Monday, April 23, 2018
“I am astonished that you are so quickly deserting the one who called you by the grace of Christ and are turning to a different gospel– which is really no gospel at all. Evidently some people are throwing you into confusion and are trying to pervert the gospel of Christ. But even if we or an angel from heaven should preach a gospel other than the one we preached to you, let him be eternally condemned! As we have already said, so now I say again: If anybody is preaching to you a gospel other than what you accepted, let him be eternally condemned!” Galatians 1:6-9 (NIV)
Sometimes students of the Bible will take a passage and paint a wider swath, or one that is narrower than the writer meant. Galatians 1:6-9 is one example. The expression “another” or “different gospel” has been stretched to include anything which the recipients have never heard or done before. In the late nineteenth and early twentieth centuries pulpits charged that women wishing to vote were teaching another gospel. Members, especially preachers who fought in WWI were charged with practicing “another gospel.” Church secretaries, youth ministers, church suppers, and such were considered by some to be “another gospel.” A few years ago, a Baptist friend complained to me that if her church introduced drums, guitars, and such to their piano and organ music, she would attend somewhere else. In her mind her church would be following “another gospel” with the introduction of those additions. The charge has also been made against those who refuse to practice what some believe is the gospel.

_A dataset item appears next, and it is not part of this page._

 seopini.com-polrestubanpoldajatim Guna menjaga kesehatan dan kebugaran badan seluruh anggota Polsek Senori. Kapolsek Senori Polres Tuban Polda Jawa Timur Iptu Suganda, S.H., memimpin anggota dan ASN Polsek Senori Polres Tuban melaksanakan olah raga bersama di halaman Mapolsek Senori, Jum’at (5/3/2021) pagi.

It is true that applying that warning by Paul to other things may be allowed if those things are actually “another gospel.” The only problem, Paul did not make that application. Therefore, we should be careful and not go beyond what is written (1 Corinthians 4:6 NIV). Paul refers to Judaizing saints who continued to demand that Gentiles must be circumcised if they wanted to be genuine Christians (Acts 15:1,6). Peter was affected by this belief and fear drove him to withdraw from Gentile brethren when some from James traveled to his locale (Galatians 2:11-16). Yet, neither Paul, the other apostles, prophets, nor language speakers condemned Christian Jews for keeping their religious customs (Galatians 2:14 NIV; Acts 21:18-26). An application could be made as a warning to those Christians who charge those brethren they disagree with, as not being “real” Christians!
In the first century, God added racists to the saved (Acts 11:1-3). He added a couple that would lie to the Holy Spirit (Acts 5:1-10). He added those who continued to harbor their Pharisee beliefs (Acts 15:1, 6). We are added to the saved and are newborns. We still have prejudices, misconceptions, misunderstandings, errors, shortcomings and/or sins, jealousies, incorrect attitudes, and the like which need a lot of work in changing on our part. Try as we might, we will never rid ourselves of that which keeps us imperfect and always in need of Jesus’ blood and the Father’s grace!

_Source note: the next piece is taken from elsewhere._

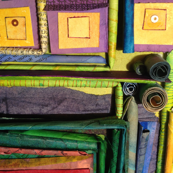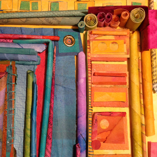Thoughtforms are a series of relief collages I’m making from the dyed paper (way back… remember the dyed paper?)

Jewish Christians thought Gentiles were irresponsible and continued to be unholy without circumcision. All they wanted to do was correct and circumcise them, so they could go to heaven as they were! They wanted to bind circumcision on the Gentiles, so they could be saved. Isn’t that a “good” thing? Paul condemned it as “another” and/or a “different gospel.”

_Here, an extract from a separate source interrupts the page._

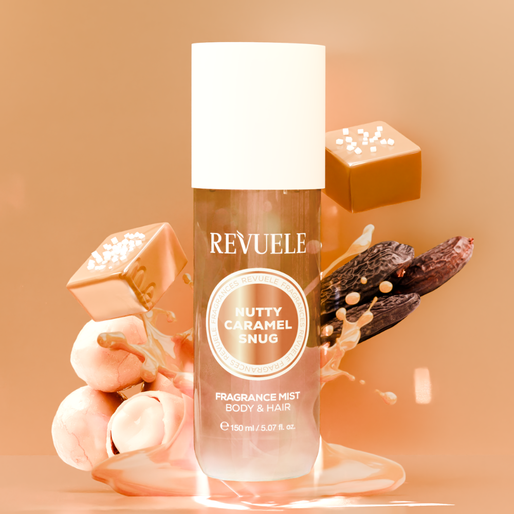 Bucură-te de aroma dulce și răsfățată a nucilor de macadamia, caramelului sărat și boabelor de tonka cu spray-ul parfumat Revuele Nutty Caramel Snug. Această ceață delicată învăluie ușor pielea, lăsând o senzație de prospețime și un parfum cald, gurmand și persistent.

If our objections to a brother is based upon our comfort zone, we need to be careful. If we base our practices upon what we have always done, we need to be cautious. We may be guilty of doing what Paul was condemning in Galatians 1:6-9 which he illustrated in 2:11-16 and continued to cover in 5:1ff!
How many of us would label another congregation today with preaching “another gospel” it they were like Corinth, Sardis, Ephesus, or even Jerusalem?